§ Records for processing:

*****

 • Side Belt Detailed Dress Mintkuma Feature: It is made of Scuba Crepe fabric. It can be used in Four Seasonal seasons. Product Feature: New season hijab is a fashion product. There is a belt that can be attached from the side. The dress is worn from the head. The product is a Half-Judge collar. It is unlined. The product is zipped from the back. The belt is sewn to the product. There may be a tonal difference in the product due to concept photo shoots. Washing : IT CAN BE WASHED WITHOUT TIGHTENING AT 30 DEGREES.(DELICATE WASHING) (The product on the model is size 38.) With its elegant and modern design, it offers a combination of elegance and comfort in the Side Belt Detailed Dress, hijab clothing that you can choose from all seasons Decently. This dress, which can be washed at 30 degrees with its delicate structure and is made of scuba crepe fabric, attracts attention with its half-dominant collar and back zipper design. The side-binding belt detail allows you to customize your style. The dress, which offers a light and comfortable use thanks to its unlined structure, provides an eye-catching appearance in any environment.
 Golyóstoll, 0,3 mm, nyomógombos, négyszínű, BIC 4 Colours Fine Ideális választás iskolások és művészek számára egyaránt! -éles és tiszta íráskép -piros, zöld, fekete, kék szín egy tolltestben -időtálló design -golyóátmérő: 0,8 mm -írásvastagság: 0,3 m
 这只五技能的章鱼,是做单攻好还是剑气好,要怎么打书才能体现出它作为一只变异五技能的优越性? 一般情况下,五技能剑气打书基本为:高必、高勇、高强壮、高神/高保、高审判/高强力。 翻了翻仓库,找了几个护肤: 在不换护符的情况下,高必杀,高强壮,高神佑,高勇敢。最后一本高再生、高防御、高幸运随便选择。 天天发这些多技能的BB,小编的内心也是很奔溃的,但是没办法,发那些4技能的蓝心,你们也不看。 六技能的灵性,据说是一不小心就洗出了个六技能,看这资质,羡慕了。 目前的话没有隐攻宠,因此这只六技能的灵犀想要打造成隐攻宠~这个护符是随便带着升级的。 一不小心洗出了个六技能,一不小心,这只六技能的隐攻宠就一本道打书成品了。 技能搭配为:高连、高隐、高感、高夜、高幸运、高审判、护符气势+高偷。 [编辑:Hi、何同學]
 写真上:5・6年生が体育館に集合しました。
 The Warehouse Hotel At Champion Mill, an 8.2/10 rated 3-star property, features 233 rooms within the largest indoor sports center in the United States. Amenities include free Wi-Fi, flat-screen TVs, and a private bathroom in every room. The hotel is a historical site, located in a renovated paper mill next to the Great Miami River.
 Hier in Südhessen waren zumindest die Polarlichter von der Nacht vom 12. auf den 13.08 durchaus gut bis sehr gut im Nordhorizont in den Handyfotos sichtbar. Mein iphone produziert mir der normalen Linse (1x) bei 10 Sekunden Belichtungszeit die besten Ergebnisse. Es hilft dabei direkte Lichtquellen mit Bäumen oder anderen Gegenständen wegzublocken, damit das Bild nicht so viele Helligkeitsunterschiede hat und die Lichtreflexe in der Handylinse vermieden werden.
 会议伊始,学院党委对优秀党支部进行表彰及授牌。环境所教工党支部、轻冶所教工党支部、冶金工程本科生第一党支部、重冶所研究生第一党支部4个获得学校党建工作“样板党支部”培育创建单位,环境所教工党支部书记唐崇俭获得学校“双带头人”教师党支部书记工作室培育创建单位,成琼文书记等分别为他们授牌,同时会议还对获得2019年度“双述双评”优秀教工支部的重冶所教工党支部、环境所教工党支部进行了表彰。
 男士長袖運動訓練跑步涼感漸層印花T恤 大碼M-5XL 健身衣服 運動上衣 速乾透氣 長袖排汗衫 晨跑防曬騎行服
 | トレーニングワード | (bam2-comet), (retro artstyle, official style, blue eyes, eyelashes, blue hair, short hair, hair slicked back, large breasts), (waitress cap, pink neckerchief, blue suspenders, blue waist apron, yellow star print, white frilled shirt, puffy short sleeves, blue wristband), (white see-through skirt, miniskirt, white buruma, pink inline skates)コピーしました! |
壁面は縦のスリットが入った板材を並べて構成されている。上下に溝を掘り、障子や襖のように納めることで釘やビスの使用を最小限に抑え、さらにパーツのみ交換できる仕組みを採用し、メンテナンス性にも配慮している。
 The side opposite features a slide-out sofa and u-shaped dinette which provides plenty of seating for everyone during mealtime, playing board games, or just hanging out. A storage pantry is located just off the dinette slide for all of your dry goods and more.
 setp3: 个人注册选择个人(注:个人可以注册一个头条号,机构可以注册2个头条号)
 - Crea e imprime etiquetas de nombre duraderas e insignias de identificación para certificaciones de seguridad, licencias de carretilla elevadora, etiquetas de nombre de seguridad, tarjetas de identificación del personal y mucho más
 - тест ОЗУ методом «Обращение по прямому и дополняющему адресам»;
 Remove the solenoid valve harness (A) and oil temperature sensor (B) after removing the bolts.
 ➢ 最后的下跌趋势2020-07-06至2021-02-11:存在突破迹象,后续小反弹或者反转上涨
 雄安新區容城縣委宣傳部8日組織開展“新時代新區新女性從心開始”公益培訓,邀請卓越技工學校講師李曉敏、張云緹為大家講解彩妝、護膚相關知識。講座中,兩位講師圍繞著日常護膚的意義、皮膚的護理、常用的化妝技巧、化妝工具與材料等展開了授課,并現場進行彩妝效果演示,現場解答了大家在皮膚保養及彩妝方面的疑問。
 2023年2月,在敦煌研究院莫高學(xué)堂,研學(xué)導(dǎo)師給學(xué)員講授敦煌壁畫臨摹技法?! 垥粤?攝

*****

§ What to do: The expected answer is an exact copy of the lines beginning at the one with "- Crea e imprime" and running to the end of the entries above.

§ Result for this exercise:
 - Crea e imprime etiquetas de nombre duraderas e insignias de identificación para certificaciones de seguridad, licencias de carretilla elevadora, etiquetas de nombre de seguridad, tarjetas de identificación del personal y mucho más
 - тест ОЗУ методом «Обращение по прямому и дополняющему адресам»;
 Remove the solenoid valve harness (A) and oil temperature sensor (B) after removing the bolts.
 ➢ 最后的下跌趋势2020-07-06至2021-02-11:存在突破迹象,后续小反弹或者反转上涨
 雄安新區容城縣委宣傳部8日組織開展“新時代新區新女性從心開始”公益培訓,邀請卓越技工學校講師李曉敏、張云緹為大家講解彩妝、護膚相關知識。講座中,兩位講師圍繞著日常護膚的意義、皮膚的護理、常用的化妝技巧、化妝工具與材料等展開了授課,并現場進行彩妝效果演示,現場解答了大家在皮膚保養及彩妝方面的疑問。
 2023年2月,在敦煌研究院莫高學(xué)堂,研學(xué)導(dǎo)師給學(xué)員講授敦煌壁畫臨摹技法?! 垥粤?攝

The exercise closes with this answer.